Calls for Saied to stand down in Tunisia grow


Thousands of protesters angry at Tunisia’s economic crisis and the president’s increasingly authoritarian drift marched on Saturday January 14th through the capital, responding to a call from opposition parties to mark 12 years since Tunisian protesters unleashed Arab Spring uprisings around the region.

The protest move comes after disastrous parliamentary elections last month in which just 11% of voters cast ballots. The elections are meant to replace and reshape a legislature that President Kais Saied dissolved in 2021. The second round has been set for Jan. 29.

It also comes as the country is going through a major economic crisis, with inflation and joblessness on the rise. Tunisians have been hit with soaring food prices and shortages of fuel and basic staples like sugar, vegetable oil and rice in recent months.

The National Salvation Front, a coalition of five opposition parties, including the popular Islamist opposition party Ennahdha, had called for the march in central Tunis.

The Habib Bourguiba avenue, the main artery of the capital and a key site for the revolution, had been placed under high security, with metal barriers, drones and surveillance cameras in place to monitor the crowd.

Demonstrators shouting “Kais Saied, go out” and “No to dictatorship, yes to dialogue and democracy,” amid other mottos, were prevented from getting close to the Interior Ministry.


READ Declan Hayes: Could Tunisia become the next Libya?


The President of the Tunisian Human Rights League, Bassem Trifi, said authorities banned protesters from other cities of the country to come to Tunis to take part in the march.

Prominent opposition politician Ahmed Nejib Chebbi said “Tunisia’s salvation can only come through Kais Saied’s departure.”

The head of the Workers’ Party, Hamma Hammami, said “Kais Saied will either end up in prison or flee abroad. His dictatorial regime will fall, like the one of ousted President Ben Ali.”

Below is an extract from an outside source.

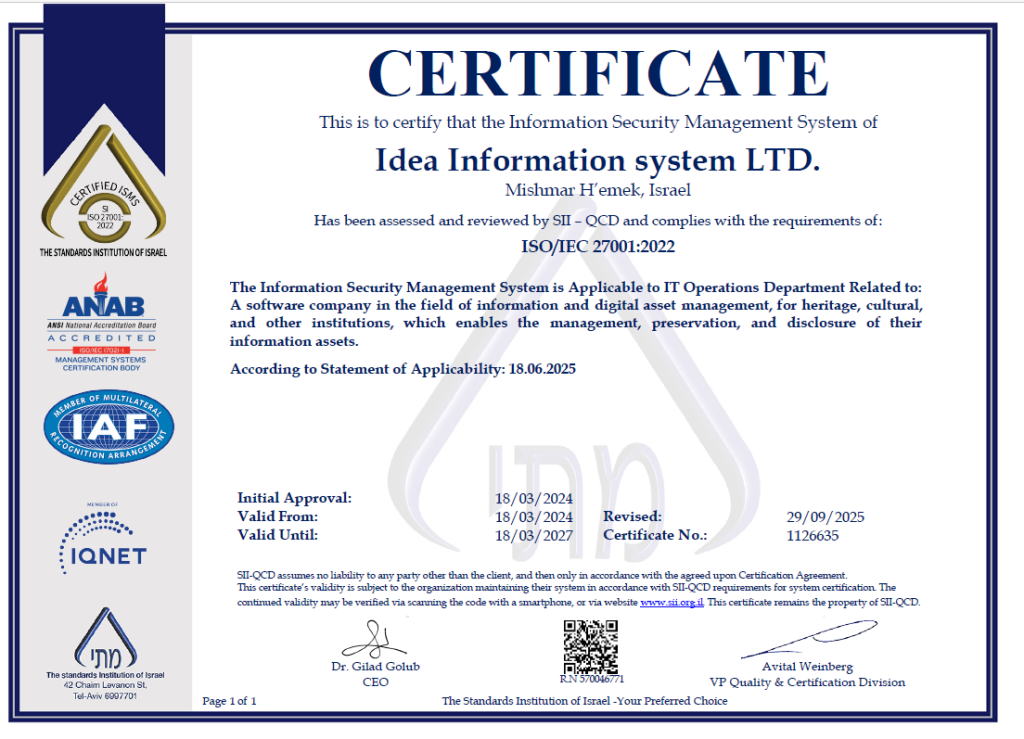 Conformity with ISO/IEC 27001 means that an organization or business has put in place a system to manage risks related to the security of data owned or handled by the company, and that this system respects all the best practices and principles enshrined in this International Standard.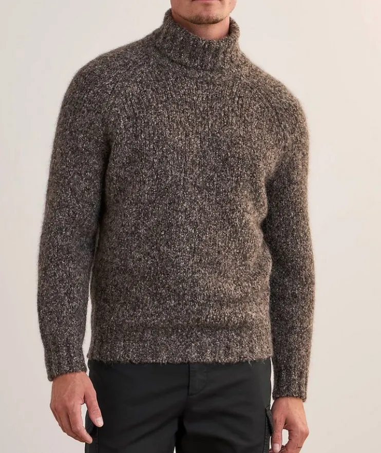 - Designed in Italy with a cozy and relaxed fit, this on-trend turtleneck can be dressed up or down. The alpaca-blend fabrication, raglan sleeves and rib-knit trim adds texture, while the mélange finish completes the style of this garment with a simple, yet refined look.

On Jan. 14, 2011, then President Zine el-Abidine Ben Ali was forced out of power, transforming the country into a budding democracy that inspired the Arab Spring. Ben Ali died in 2019.

“We are here to say ‘stop’ to the process of destruction of the state engaged by Kais Saied,” said Abassi Hammami, the head of the National Comittee for the Protection of Freedoms. “We must open new perspectives for our country.”

The head of the Republican Party, Issam Chebbi, said opponents will continue their fight to relaunch the democratic process and help the country get out of the political, economic and social crisis it is going through.

Saied, who was elected in 2019, has curbed the independence of the judiciary and weakened parliament’s powers.

In a referendum in July last year, Tunisians voters approved a constitution that hands broad executive powers to the president. Saied, who spearheaded the project and wrote the text himself, made full use of the mandate in September, changing the electoral law to diminish the role of political parties.

In an apparent response to criticism, Saied on Friday paid a surprise visit to the Bourguiba avenue and went through the capital’s historic district, the medina. He called for caution against “intruders and renegades” who could mix with protesters to provoke clashes.

The Jan. 14 anniversary has been abolished as an official commemoration date by Saied, who instead declared Dec. 17 as the “revolution day.”

Tunisia’s uprising began on Dec. 17, 2010, when a desperate fruit vendor set himself on fire, unleashing pent-up anger and frustration among his compatriots, who staged protests that spread nationwide and led to the revolution.